## TO DO
Leave the pictures out. Return all other data exactly.

## RECORDS FOR THIS EXERCISE
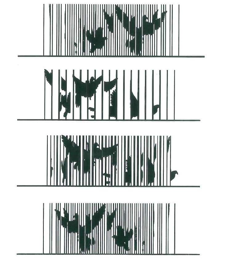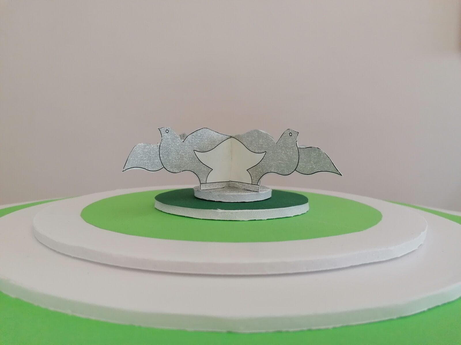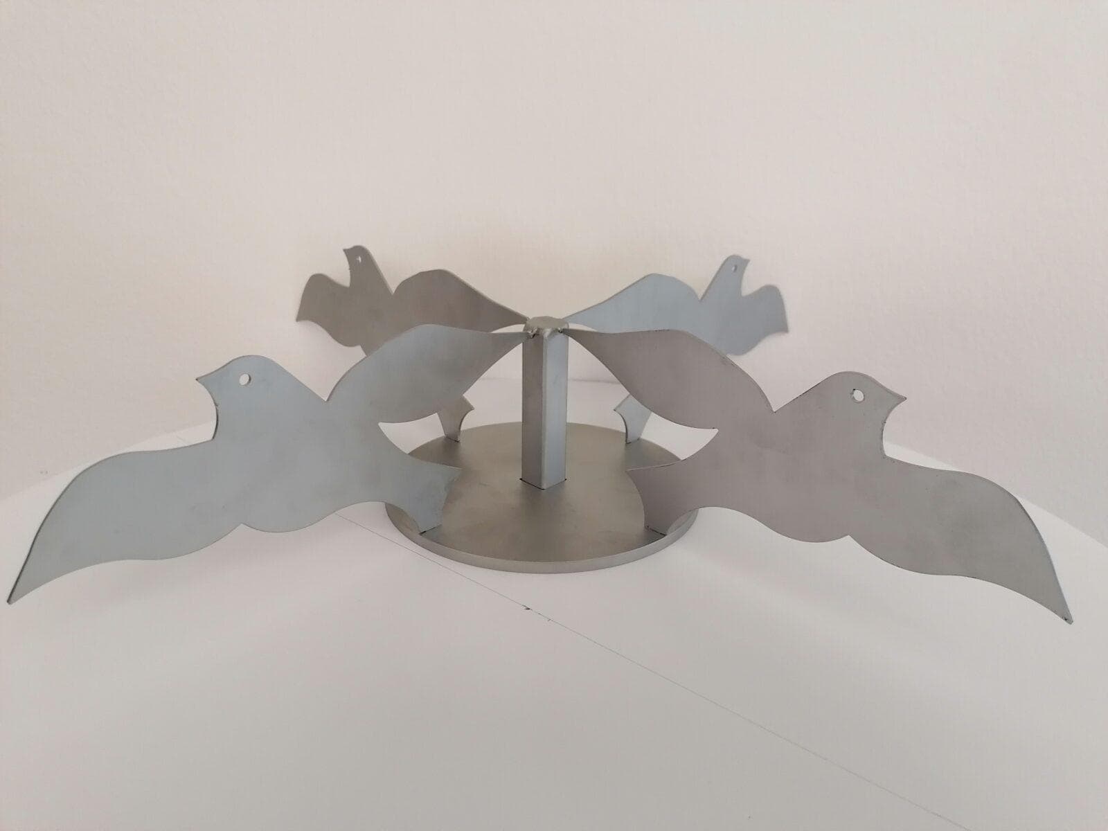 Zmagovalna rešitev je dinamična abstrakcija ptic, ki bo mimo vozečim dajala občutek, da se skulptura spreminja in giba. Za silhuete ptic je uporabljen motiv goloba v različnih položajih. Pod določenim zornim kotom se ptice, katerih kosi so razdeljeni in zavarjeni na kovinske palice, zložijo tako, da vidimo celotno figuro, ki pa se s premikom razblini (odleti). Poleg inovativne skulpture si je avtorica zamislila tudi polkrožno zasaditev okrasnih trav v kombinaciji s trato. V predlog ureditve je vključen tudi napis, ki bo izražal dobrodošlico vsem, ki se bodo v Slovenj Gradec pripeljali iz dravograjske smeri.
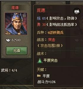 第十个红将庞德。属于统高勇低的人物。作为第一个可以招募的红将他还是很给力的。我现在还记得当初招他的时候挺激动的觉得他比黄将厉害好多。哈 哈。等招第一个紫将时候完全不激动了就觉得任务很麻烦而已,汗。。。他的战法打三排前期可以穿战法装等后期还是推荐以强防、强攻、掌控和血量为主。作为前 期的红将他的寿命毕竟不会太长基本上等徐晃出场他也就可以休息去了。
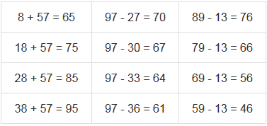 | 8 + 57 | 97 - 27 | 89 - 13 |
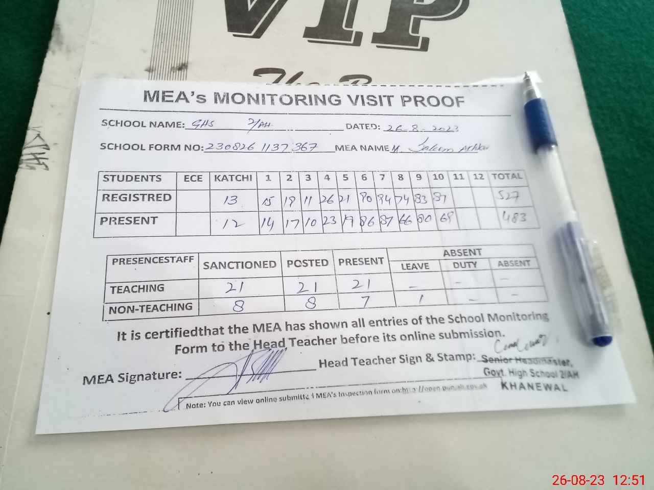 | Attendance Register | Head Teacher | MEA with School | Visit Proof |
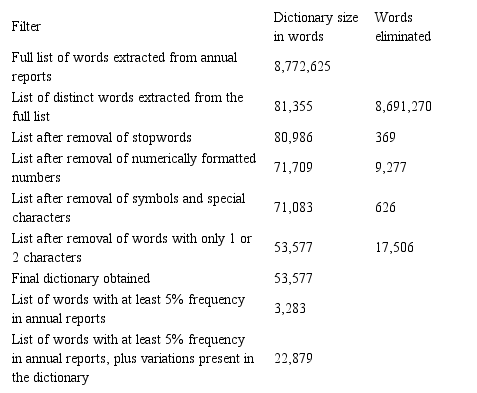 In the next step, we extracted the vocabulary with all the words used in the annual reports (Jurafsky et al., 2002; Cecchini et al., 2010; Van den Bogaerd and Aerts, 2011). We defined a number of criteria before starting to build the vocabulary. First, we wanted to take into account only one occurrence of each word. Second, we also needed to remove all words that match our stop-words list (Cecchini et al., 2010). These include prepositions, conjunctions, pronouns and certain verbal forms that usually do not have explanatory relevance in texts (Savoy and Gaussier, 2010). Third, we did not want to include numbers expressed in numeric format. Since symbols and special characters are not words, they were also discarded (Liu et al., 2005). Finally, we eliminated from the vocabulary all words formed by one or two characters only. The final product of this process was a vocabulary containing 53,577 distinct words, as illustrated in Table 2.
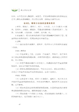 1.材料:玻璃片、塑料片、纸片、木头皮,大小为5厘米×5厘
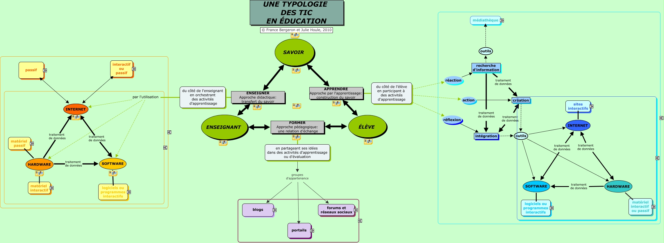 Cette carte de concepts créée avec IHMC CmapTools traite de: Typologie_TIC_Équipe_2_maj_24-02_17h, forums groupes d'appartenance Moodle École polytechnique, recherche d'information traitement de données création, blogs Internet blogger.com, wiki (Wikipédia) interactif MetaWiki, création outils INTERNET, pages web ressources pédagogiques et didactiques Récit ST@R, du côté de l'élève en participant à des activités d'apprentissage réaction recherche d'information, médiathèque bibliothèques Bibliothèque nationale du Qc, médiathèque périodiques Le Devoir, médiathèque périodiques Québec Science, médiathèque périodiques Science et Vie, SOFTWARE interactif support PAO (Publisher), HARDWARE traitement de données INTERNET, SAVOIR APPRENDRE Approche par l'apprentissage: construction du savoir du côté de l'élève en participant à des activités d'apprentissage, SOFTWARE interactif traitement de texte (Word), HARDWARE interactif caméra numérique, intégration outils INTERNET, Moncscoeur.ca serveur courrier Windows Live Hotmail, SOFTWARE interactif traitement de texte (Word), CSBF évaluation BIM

## RESPONSE TO THIS TASK
 Zmagovalna rešitev je dinamična abstrakcija ptic, ki bo mimo vozečim dajala občutek, da se skulptura spreminja in giba. Za silhuete ptic je uporabljen motiv goloba v različnih položajih. Pod določenim zornim kotom se ptice, katerih kosi so razdeljeni in zavarjeni na kovinske palice, zložijo tako, da vidimo celotno figuro, ki pa se s premikom razblini (odleti). Poleg inovativne skulpture si je avtorica zamislila tudi polkrožno zasaditev okrasnih trav v kombinaciji s trato. V predlog ureditve je vključen tudi napis, ki bo izražal dobrodošlico vsem, ki se bodo v Slovenj Gradec pripeljali iz dravograjske smeri.
 第十个红将庞德。属于统高勇低的人物。作为第一个可以招募的红将他还是很给力的。我现在还记得当初招他的时候挺激动的觉得他比黄将厉害好多。哈 哈。等招第一个紫将时候完全不激动了就觉得任务很麻烦而已,汗。。。他的战法打三排前期可以穿战法装等后期还是推荐以强防、强攻、掌控和血量为主。作为前 期的红将他的寿命毕竟不会太长基本上等徐晃出场他也就可以休息去了。
 | 8 + 57 | 97 - 27 | 89 - 13 |
 | Attendance Register | Head Teacher | MEA with School | Visit Proof |
 In the next step, we extracted the vocabulary with all the words used in the annual reports (Jurafsky et al., 2002; Cecchini et al., 2010; Van den Bogaerd and Aerts, 2011). We defined a number of criteria before starting to build the vocabulary. First, we wanted to take into account only one occurrence of each word. Second, we also needed to remove all words that match our stop-words list (Cecchini et al., 2010). These include prepositions, conjunctions, pronouns and certain verbal forms that usually do not have explanatory relevance in texts (Savoy and Gaussier, 2010). Third, we did not want to include numbers expressed in numeric format. Since symbols and special characters are not words, they were also discarded (Liu et al., 2005). Finally, we eliminated from the vocabulary all words formed by one or two characters only. The final product of this process was a vocabulary containing 53,577 distinct words, as illustrated in Table 2.
 1.材料:玻璃片、塑料片、纸片、木头皮,大小为5厘米×5厘
 Cette carte de concepts créée avec IHMC CmapTools traite de: Typologie_TIC_Équipe_2_maj_24-02_17h, forums groupes d'appartenance Moodle École polytechnique, recherche d'information traitement de données création, blogs Internet blogger.com, wiki (Wikipédia) interactif MetaWiki, création outils INTERNET, pages web ressources pédagogiques et didactiques Récit ST@R, du côté de l'élève en participant à des activités d'apprentissage réaction recherche d'information, médiathèque bibliothèques Bibliothèque nationale du Qc, médiathèque périodiques Le Devoir, médiathèque périodiques Québec Science, médiathèque périodiques Science et Vie, SOFTWARE interactif support PAO (Publisher), HARDWARE traitement de données INTERNET, SAVOIR APPRENDRE Approche par l'apprentissage: construction du savoir du côté de l'élève en participant à des activités d'apprentissage, SOFTWARE interactif traitement de texte (Word), HARDWARE interactif caméra numérique, intégration outils INTERNET, Moncscoeur.ca serveur courrier Windows Live Hotmail, SOFTWARE interactif traitement de texte (Word), CSBF évaluation BIM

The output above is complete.